AI tools usually rely on public data that may be months or years old. They can easily suggest deprecated functions, insecure libraries, or mismatched dependencies. Developers know how to verify these details; on the contrary, the AI doesn’t. When you trust it blindly, you risk getting into a huge problem.
Vibe coding is a fast solution, but real software definitely lives longer than a demo. In case your project doesn’t have proper architecture, security, and human oversight, a quick win can turn into an expensive rebuild later. In software, speed matters — but control matters more.
So, if vibe coding isn’t the best solution, what to do and how to benefit from AI development?
The best option is when software developers and AI work together. AI helps engineers with the routine tasks of development, including generating snippets, suggesting functions, or quickly testing an idea. 82% of developers use AI for writing code, and 67.5% of them apply artificial intelligence for searching answers. It definitely saves time and helps teams move faster.
Most popular uses of AI in the development workflow among developers worldwide as of 2024.
Source: Statista
However, you need to remember that AI still doesn’t understand how real products work in the long run. You cannot delegate things like scaling, user load, or security. These are spheres where human engineers are still essential.

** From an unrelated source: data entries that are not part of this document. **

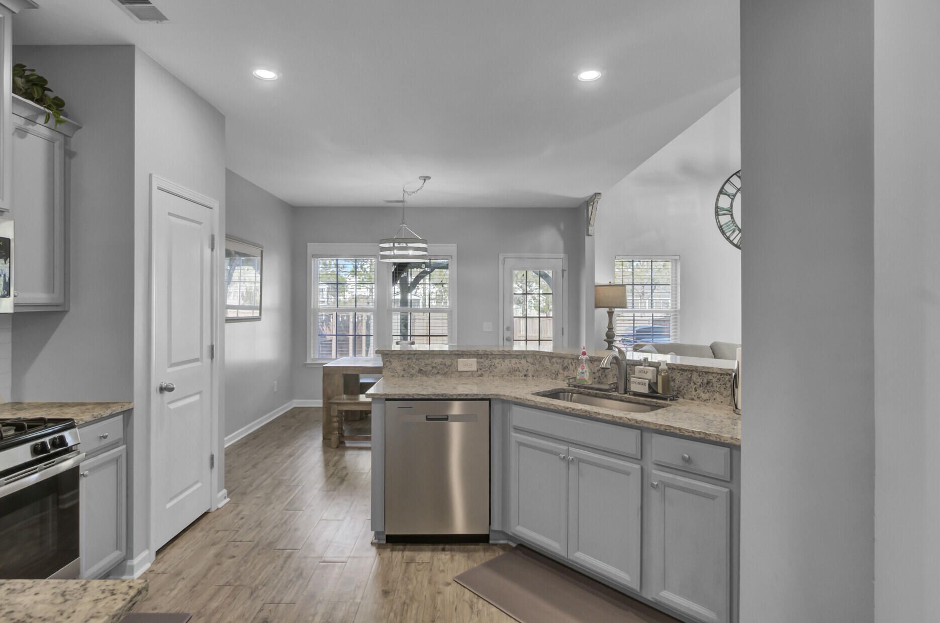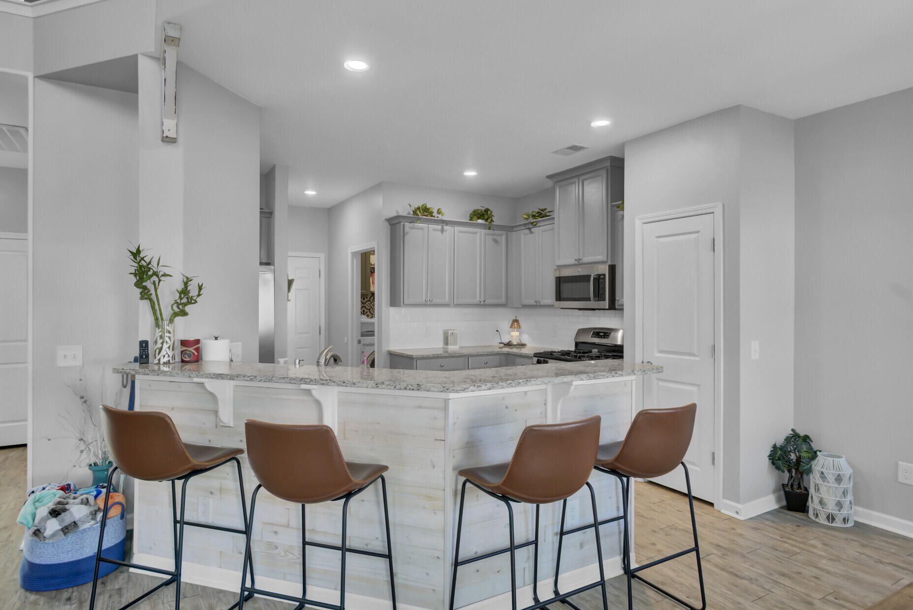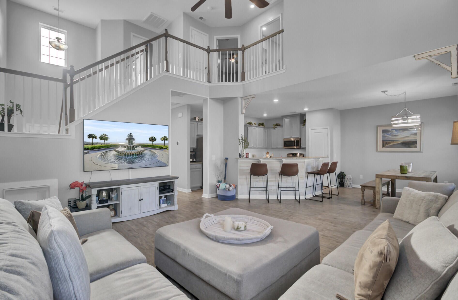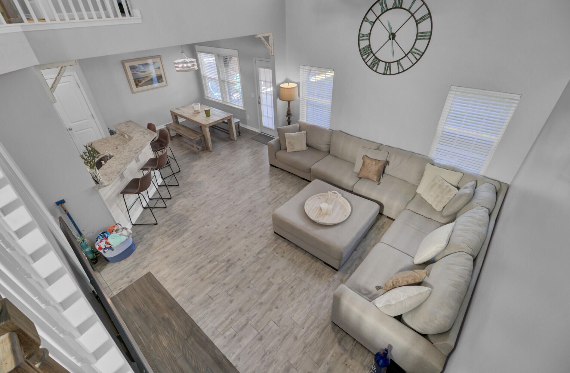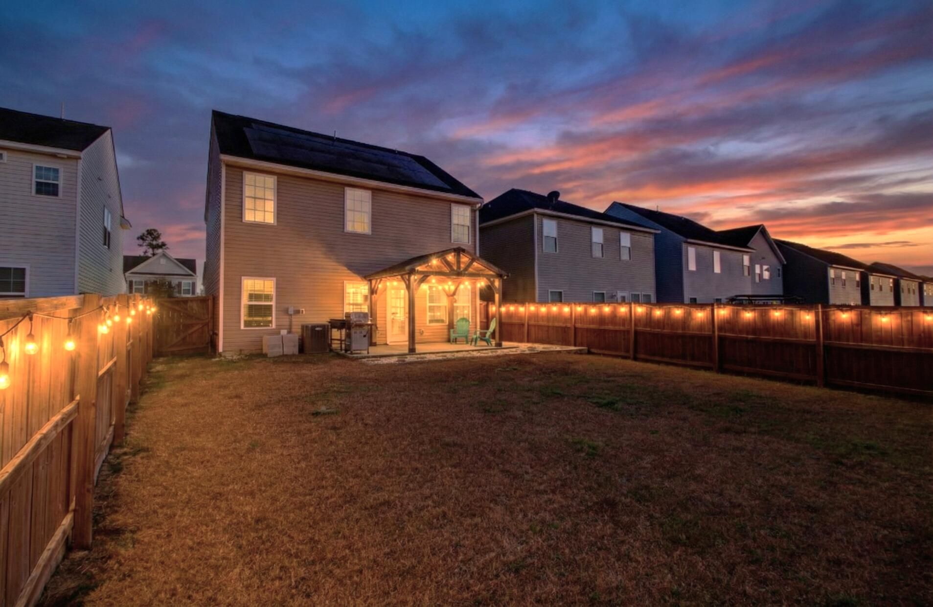 Welcome home to this beautifully maintained 3-bedroom, 2.5-bath residence in Cane Bay Plantation, offering an open, airy layout, stylish upgrades, and energy-efficient features.Step into the impressive two-story family room, filled with abundant natural light and highlighted by a stunning open staircase with a stained oak handrail and crisp white pickets. The open floor plan flows seamlessly into the dining area, enhanced by warm luxury vinyl plank flooring and gorgeous shiplap accents throughout the main living spaces, adding charm and character.The kitchen is ideal for entertaining, opening to both the family room and dining area. It features ample cabinet and counter space, granite countertops, stainless steel appliances, a pantry, and a convenient breakfast bar.The primary suite offers a relaxing retreat with a tray ceiling, dual closets, a double vanity, a large soaking tub, and a separate shower. Two equally sized secondary bedrooms share access to the second full bath, providing comfort and functionality for family or guests. Step outside to enjoy the extended backyard patio, partially covered by a pergola, offering the perfect space for outdoor dining and relaxation. A fully fenced backyard completes this inviting outdoor area. The fully finished two-car garage includes a bar area, ideal for entertaining or additional flex space. An added bonus is the fully paid-off solar panel system, delivering energy efficiency and long-term savings. Residents of Cane Bay Plantation enjoy outstanding amenities including community pools, miles of walking and jogging trails, and a dog park. Conveniently located near everyday conveniences, this home is just a quick golf cart ride to schools, restaurants, and shopping. This move-in-ready home blends comfort, style, and sustainabilityschedule your showing today! Use preferred lender to buy this home and receive an incentive towards your closing costs!
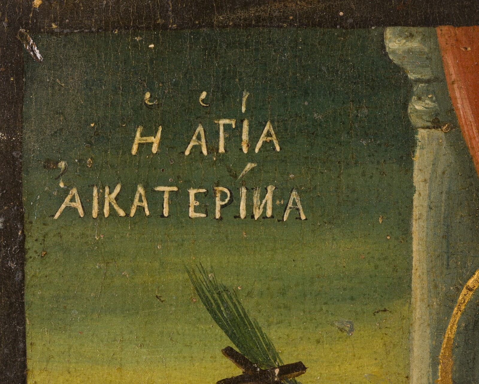 SIGNIERTE UND DATIERTE IKONE MIT DER HEILIGEN KATHARINA
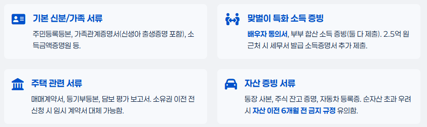 소득 조건: 부부 합산 연소득 2.5억 원 이하(맞벌이 시 각자 1.3억 원 초과 금지). 2025년 완화로 이전 2억 원에서 상향됐지만, 세금 신고 기준 총소득을 정확히 계산하세요. 사업소득자는 사업자등록증, 근로소득자는 건강보험 자격득실확인서가 필요해요.
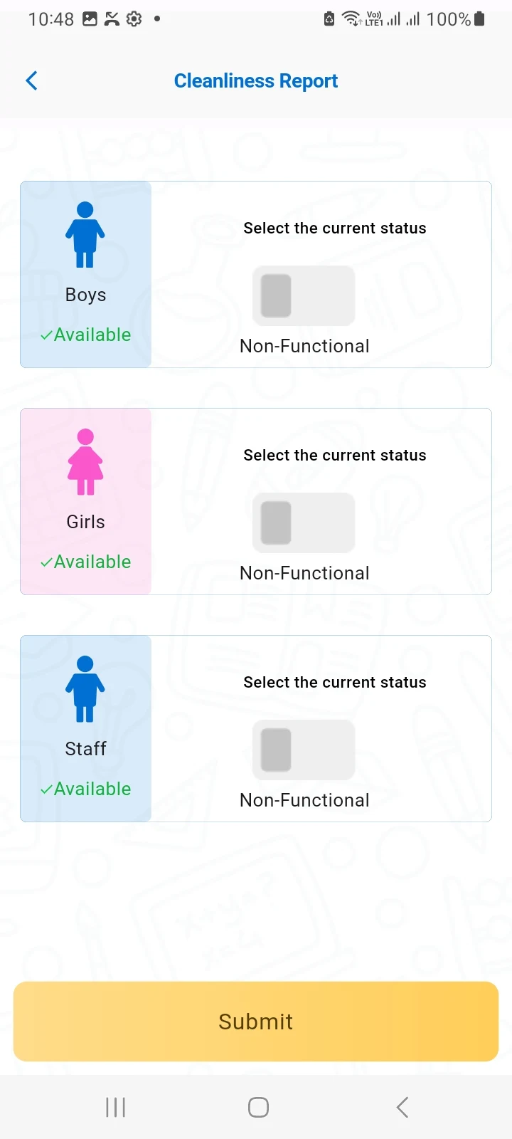 The attendance module is robust and straightforward, allowing daily recording for both teachers and students with minimal effort, while the ability to review historical records on-the-go has proven invaluable during audits and reviews. Where the app truly shines, however, is in its dedicated support for the Mid-Day Meal (MDM) and cleanliness reports—features that are not only well-designed but critically important for compliance and transparency. Submitting daily reports feels less like a bureaucratic task and more like a natural part of the school routine thanks to the app’s thoughtful layout and guidance. It’s an essential tool that empowers schools to meet government mandates efficiently while keeping the focus where it belongs: on education and student welfare.

On the contrary, a smart strategy is to let AI handle the first stage, which includes drafting the logic, setting up basic components, and outlining the structure. Then let developers refine and improve it. Engineers need to review, optimize, and make sure everything connects properly. They can see the whole picture, namely, how the system grows, how data moves, and how to keep things safe.
The leading development agencies have already recognized this shift and even created a new role called the AI developer. They know how to use generative tools to speed up delivery. At the same time, they also understand the core of software engineering principles, including architecture, performance, and reliability.
In practice, AI software development companies use advanced AI technologies to help businesses move from idea to product launch faster. AI can generate prototypes in several days, test the logic, and support engineers with important insights. But most importantly, every piece of code goes through precise human review to ensure software quality and compliance with modern standards.
To wrap up, when people and AI work together, it’s a huge bonus for development. It not only moves faster but also becomes smarter. Teams can test ideas, try new things, and keep their products stable and reliable.